- ABOUT THIS EXERCISE -
Please set down the data again exactly, minus the pictures.

- INPUT DATA -
------
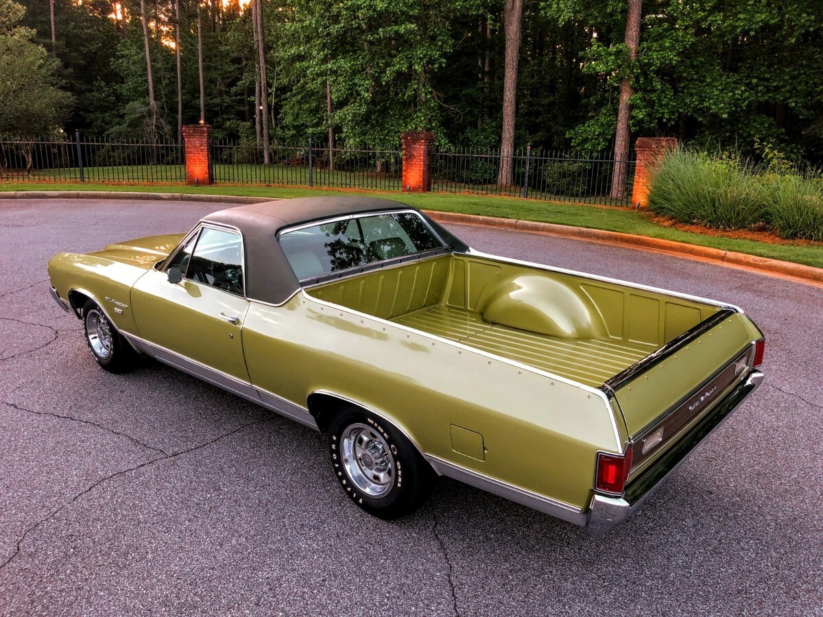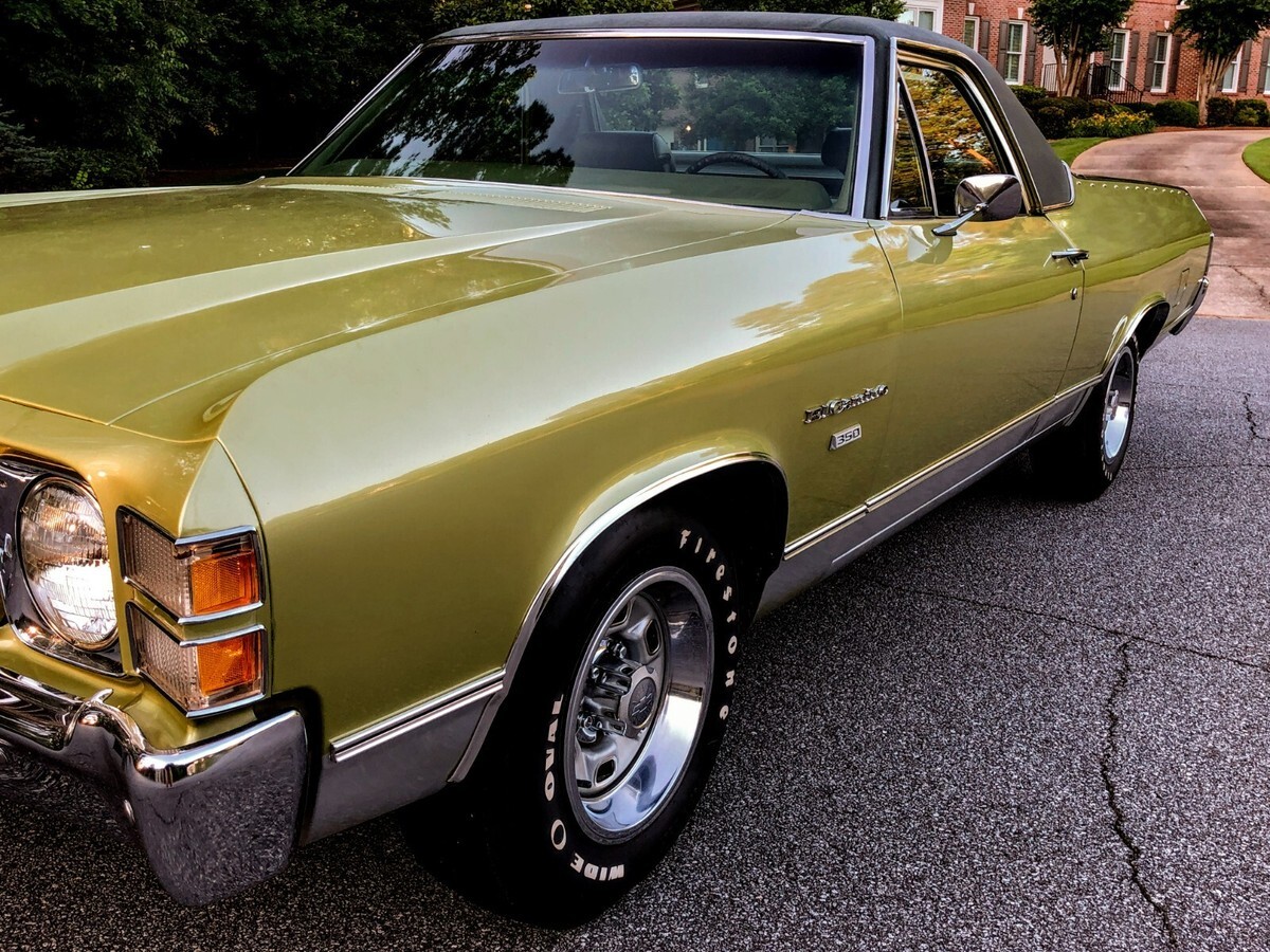 PRESENTED FOR YOUR CONSIDERATION...ONE OF THE ABSOLUTE BEST UNRESTORED ULTIMATE SURVIVOR 3rd GEN (68-72) EL CAMINOS TO EXIST! They are ONLY ORIGINAL ONE TIMEFROM THE FACTORY!!! The number of "True Survivor" vehicles is only getting smaller as time goes on. It is already extremely rare to come across any survivor vehicles of this caliber so don't miss out on this rare opportunity to get the best!Call me with questions or to schedule an inspection, Kurt (626) 602-4054Benchmark "survivor tent" show grade vehicle with only 22K original milesMiles are fully documented by an affidavit from the original ownerOnly two owners since new (original owner 1971 to 2020, second owner from 2020 to present)Original GM factory applied paint from 1971 including the cargo bed area that has been verified by paint gage readingsOriginal interiorOriginal vinyl topOriginal chrome, stainless, lenses and trimOriginal Uniroyal F78X14" spare tire / rim /complete jacking assembly, including the original assembly-line jacking instruction stickerOriginal GM factory assembled and #s matching motor and drivetrain that has never been apartOriginal build-sheet, a rare find that is highly valued and only way to prove / document what options came on a GM vehicleOriginal benchmark undercarriage is untouched still having all its original part tags, paint marks, stampings, finishes, etc.. presentOriginal gas tank paint-stampings still presentOriginal hoses, belts, clamps, wire looms, tags, stamps, paint dabs, etc in the engine compartment mostly appear to still be presentOriginal assembly-line installed spark plug wires set that was still on this car when purchased is includedOriginal front and rear shocks, rear shock air lines and suspension parts still on vehicleOriginal factory glove-box owner's manual plus its original plastic protective sleeve still presentOriginal factory '71 dealer brochure that pictures an identical El Camino to this one on the cover includedOriginal 1971 GM factory repair manual will be included with the purchaseOne of the most original and unmolested TRUE SRVIVOR 70's Chevrolet's to exist bar none!Sold new in Roswell GA living its entire life in mild climate always garaged and fully protected from the elementsFactory: 350-V8 / 3 speed automatic / pwr steering / pwr disc brakes / AirconditioningDrives like a dream and just like a 22K mile vehicle shouldAC system has been upgraded to R34Water pump and heater core have been replacedOriginal factory installed single exhaust system was replaced with a professionally installed dual exhaust system, sounds perfect and just right!This 1971 El Camino is registered in state of Georgia to the listing seller. Winner of auction will receive a bill of Sale from registered owner plus theORIGINAL PINK SLIP issued in 1971 signed by the original ownerNOTE: seller has 100% ebay rating and has been a member for over 20 years selling several high dollar collector vehicles over the years with 100% satisfaction.
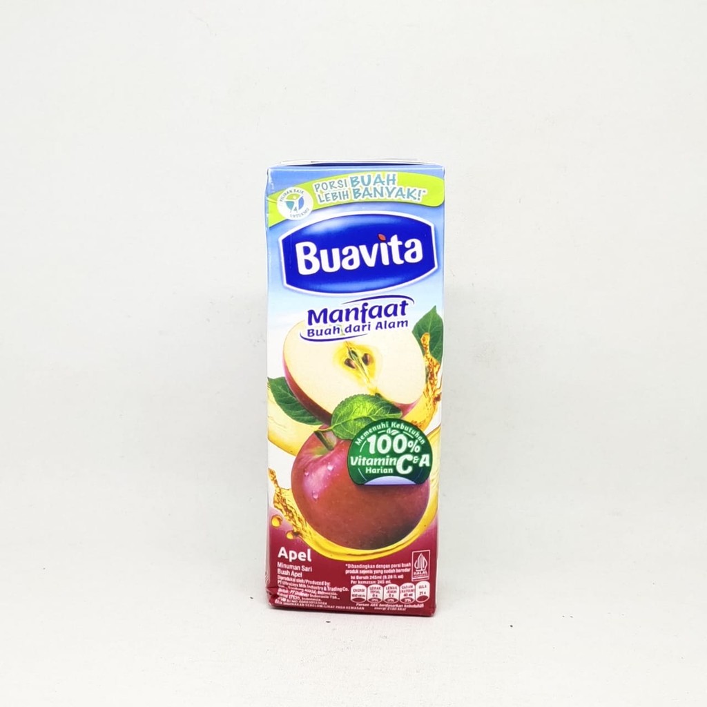 Buavita Apple adalah minuman sari buah apel segar dengan rasa manis asam yang seimbang. Dibuat dari buah apel pilihan berkualitas, kaya vitamin C dan serat alami yang baik untuk tubuh. Dikemas praktis 245 ml, siap diminum kapan saja untuk menyegarkan hari.
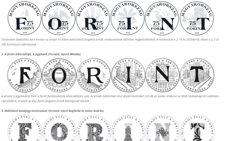 Az érmék lehetséges megjelenésére öt változatot javasol a jegybank. A közönség választhat az ikonikus érmemotívumok, esetleg a bankjegy-elemeket megidéző változat, vagy a modern szemléletű tervsor, esetleg a kibocsátó, illetve a pénzfunkciók felőli megközelítés közül - ismertették.
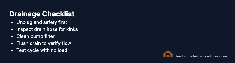 If your washing machine is not draining, you’re facing one of several common culprits. The most frequent reasons are a clogged pump or lint-filter, a kinked or blocked drain hose, or a blocked standpipe or drain line. In many homes, detergent and fiber buildup over time creates a stubborn clog that prevents water from leaving the drum. According to Best Washing Machine analysis, starting with simple checks often resolves the problem without a service call. Before you panic, distinguish between a minor nuisance and a genuine drainage failure. The goal is to restore flow safely and quickly, without risking leaks or electrical hazards. This section identifies the top causes and safe fixes, with practical steps you can take today. The symptom you are troubleshooting is washing machine is not draining, a phrase you’ll repeatedly reference as you work through the checks.
------
- EXERCISE RESPONSE -
 PRESENTED FOR YOUR CONSIDERATION...ONE OF THE ABSOLUTE BEST UNRESTORED ULTIMATE SURVIVOR 3rd GEN (68-72) EL CAMINOS TO EXIST! They are ONLY ORIGINAL ONE TIMEFROM THE FACTORY!!! The number of "True Survivor" vehicles is only getting smaller as time goes on. It is already extremely rare to come across any survivor vehicles of this caliber so don't miss out on this rare opportunity to get the best!Call me with questions or to schedule an inspection, Kurt (626) 602-4054Benchmark "survivor tent" show grade vehicle with only 22K original milesMiles are fully documented by an affidavit from the original ownerOnly two owners since new (original owner 1971 to 2020, second owner from 2020 to present)Original GM factory applied paint from 1971 including the cargo bed area that has been verified by paint gage readingsOriginal interiorOriginal vinyl topOriginal chrome, stainless, lenses and trimOriginal Uniroyal F78X14" spare tire / rim /complete jacking assembly, including the original assembly-line jacking instruction stickerOriginal GM factory assembled and #s matching motor and drivetrain that has never been apartOriginal build-sheet, a rare find that is highly valued and only way to prove / document what options came on a GM vehicleOriginal benchmark undercarriage is untouched still having all its original part tags, paint marks, stampings, finishes, etc.. presentOriginal gas tank paint-stampings still presentOriginal hoses, belts, clamps, wire looms, tags, stamps, paint dabs, etc in the engine compartment mostly appear to still be presentOriginal assembly-line installed spark plug wires set that was still on this car when purchased is includedOriginal front and rear shocks, rear shock air lines and suspension parts still on vehicleOriginal factory glove-box owner's manual plus its original plastic protective sleeve still presentOriginal factory '71 dealer brochure that pictures an identical El Camino to this one on the cover includedOriginal 1971 GM factory repair manual will be included with the purchaseOne of the most original and unmolested TRUE SRVIVOR 70's Chevrolet's to exist bar none!Sold new in Roswell GA living its entire life in mild climate always garaged and fully protected from the elementsFactory: 350-V8 / 3 speed automatic / pwr steering / pwr disc brakes / AirconditioningDrives like a dream and just like a 22K mile vehicle shouldAC system has been upgraded to R34Water pump and heater core have been replacedOriginal factory installed single exhaust system was replaced with a professionally installed dual exhaust system, sounds perfect and just right!This 1971 El Camino is registered in state of Georgia to the listing seller. Winner of auction will receive a bill of Sale from registered owner plus theORIGINAL PINK SLIP issued in 1971 signed by the original ownerNOTE: seller has 100% ebay rating and has been a member for over 20 years selling several high dollar collector vehicles over the years with 100% satisfaction.
 Buavita Apple adalah minuman sari buah apel segar dengan rasa manis asam yang seimbang. Dibuat dari buah apel pilihan berkualitas, kaya vitamin C dan serat alami yang baik untuk tubuh. Dikemas praktis 245 ml, siap diminum kapan saja untuk menyegarkan hari.
 Az érmék lehetséges megjelenésére öt változatot javasol a jegybank. A közönség választhat az ikonikus érmemotívumok, esetleg a bankjegy-elemeket megidéző változat, vagy a modern szemléletű tervsor, esetleg a kibocsátó, illetve a pénzfunkciók felőli megközelítés közül - ismertették.
 If your washing machine is not draining, you’re facing one of several common culprits. The most frequent reasons are a clogged pump or lint-filter, a kinked or blocked drain hose, or a blocked standpipe or drain line. In many homes, detergent and fiber buildup over time creates a stubborn clog that prevents water from leaving the drum. According to Best Washing Machine analysis, starting with simple checks often resolves the problem without a service call. Before you panic, distinguish between a minor nuisance and a genuine drainage failure. The goal is to restore flow safely and quickly, without risking leaks or electrical hazards. This section identifies the top causes and safe fixes, with practical steps you can take today. The symptom you are troubleshooting is washing machine is not draining, a phrase you’ll repeatedly reference as you work through the checks.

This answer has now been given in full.